Sunday, February 21, 2010

Interlude Three: On Technology

This being my 50th blog, it represents a good vantage point to take stock of the road traversed and the reason why we are in this journey in the first place. I started my blog describing the promise of technology and the importance of technology transformation to accomplish that promise. I moved on to a discussion on how to make the business case to start the technology transformation ball rolling. I then proceeded to cover more technical matters, such as the characteristics of Service Oriented Architecture and the various classifications of services, and then delving even deeper into the detailed considerations for SOA design and management.

In fact, we have gone so deep that I am reminded of this “gedanken” (mental experiment):

Assume there is a tunnel so deep that it reaches the center of the earth.

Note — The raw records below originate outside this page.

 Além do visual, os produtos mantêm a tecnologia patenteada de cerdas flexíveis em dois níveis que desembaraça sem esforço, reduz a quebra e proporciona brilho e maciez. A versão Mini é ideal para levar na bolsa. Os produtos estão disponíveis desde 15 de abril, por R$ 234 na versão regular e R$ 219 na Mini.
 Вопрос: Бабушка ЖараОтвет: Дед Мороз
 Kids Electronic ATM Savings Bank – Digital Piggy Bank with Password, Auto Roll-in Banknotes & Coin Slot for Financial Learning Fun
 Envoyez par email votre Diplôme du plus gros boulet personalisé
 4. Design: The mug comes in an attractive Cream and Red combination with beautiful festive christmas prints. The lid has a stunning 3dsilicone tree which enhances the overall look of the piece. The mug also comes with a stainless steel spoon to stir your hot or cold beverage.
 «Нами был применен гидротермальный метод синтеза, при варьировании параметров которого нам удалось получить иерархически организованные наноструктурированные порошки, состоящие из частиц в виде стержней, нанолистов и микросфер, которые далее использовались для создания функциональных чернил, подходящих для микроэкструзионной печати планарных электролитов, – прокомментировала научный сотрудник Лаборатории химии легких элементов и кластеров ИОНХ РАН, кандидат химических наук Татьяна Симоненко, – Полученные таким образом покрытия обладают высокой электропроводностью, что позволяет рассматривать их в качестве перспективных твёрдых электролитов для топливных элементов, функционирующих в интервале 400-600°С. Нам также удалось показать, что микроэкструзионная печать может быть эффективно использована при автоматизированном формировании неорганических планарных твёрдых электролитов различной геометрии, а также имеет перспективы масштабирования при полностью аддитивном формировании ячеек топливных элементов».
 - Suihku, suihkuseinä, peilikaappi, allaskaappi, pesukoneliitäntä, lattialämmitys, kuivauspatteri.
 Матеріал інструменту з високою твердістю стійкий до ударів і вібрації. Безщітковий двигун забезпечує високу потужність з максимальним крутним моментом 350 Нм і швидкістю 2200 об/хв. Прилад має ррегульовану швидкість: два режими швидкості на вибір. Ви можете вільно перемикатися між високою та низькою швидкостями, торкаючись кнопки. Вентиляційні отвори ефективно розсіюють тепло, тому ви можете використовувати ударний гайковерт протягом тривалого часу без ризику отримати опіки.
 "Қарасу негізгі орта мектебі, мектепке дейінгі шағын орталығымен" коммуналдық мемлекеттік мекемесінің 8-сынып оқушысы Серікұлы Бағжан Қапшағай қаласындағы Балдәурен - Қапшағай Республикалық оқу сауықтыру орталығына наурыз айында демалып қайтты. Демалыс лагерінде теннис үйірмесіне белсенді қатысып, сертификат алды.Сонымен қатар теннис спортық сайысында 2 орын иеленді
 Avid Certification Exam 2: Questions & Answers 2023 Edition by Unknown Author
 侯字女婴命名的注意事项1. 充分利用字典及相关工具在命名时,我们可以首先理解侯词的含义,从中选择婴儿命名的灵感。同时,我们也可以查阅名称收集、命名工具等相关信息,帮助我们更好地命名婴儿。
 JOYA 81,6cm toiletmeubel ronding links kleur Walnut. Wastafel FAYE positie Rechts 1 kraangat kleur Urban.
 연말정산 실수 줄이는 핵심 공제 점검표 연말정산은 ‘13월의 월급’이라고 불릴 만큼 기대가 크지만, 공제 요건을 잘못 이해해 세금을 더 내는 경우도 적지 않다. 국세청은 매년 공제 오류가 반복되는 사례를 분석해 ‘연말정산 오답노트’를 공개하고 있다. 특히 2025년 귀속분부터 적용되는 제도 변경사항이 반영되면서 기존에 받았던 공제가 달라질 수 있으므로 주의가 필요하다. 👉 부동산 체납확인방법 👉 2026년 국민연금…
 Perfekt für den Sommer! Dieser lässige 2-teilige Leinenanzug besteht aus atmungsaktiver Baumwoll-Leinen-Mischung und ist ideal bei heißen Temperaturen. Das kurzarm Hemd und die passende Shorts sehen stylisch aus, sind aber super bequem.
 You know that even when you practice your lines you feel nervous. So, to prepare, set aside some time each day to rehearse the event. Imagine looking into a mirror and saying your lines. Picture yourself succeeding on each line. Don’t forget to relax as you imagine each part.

In fact, imagine digging this tunnel until it reaches the surface on the opposite side of the Earth (the antipode). Now, let’s have a brave athlete jump into the tunnel. What would happen?

Removing all other physical considerations such a as air resistance, and temperature and pressure, as the athlete reaches the center of the Earth, she should begin to feel less and less gravity. In the center of the Earth she should be completely weightless. The force of gravity is zero down there. The reason being that gravity is caused by the Earth’s mass. At the center, the gravitational pull is offset by the Earth’s surrounding mass.

So far, so good, but now the athlete has inertia and will continue to “fall upwards” towards the surface on the other side of the Earth! As the athlete falls upward, the gravitational pull will increase (more and more mass from the Earth will be behind her), slowing her down until the “upward fall” is halted just as she reaches the surface at the antipode. At this point, our athlete will begin to fall once again toward the center of the planet until she returns to the entrance of our tunnel . . . only to fall again. In this hypothetical, frictionless environment, our athlete would act like a perpetual Yo-Yo, repeatedly falling and re-falling back to the surface.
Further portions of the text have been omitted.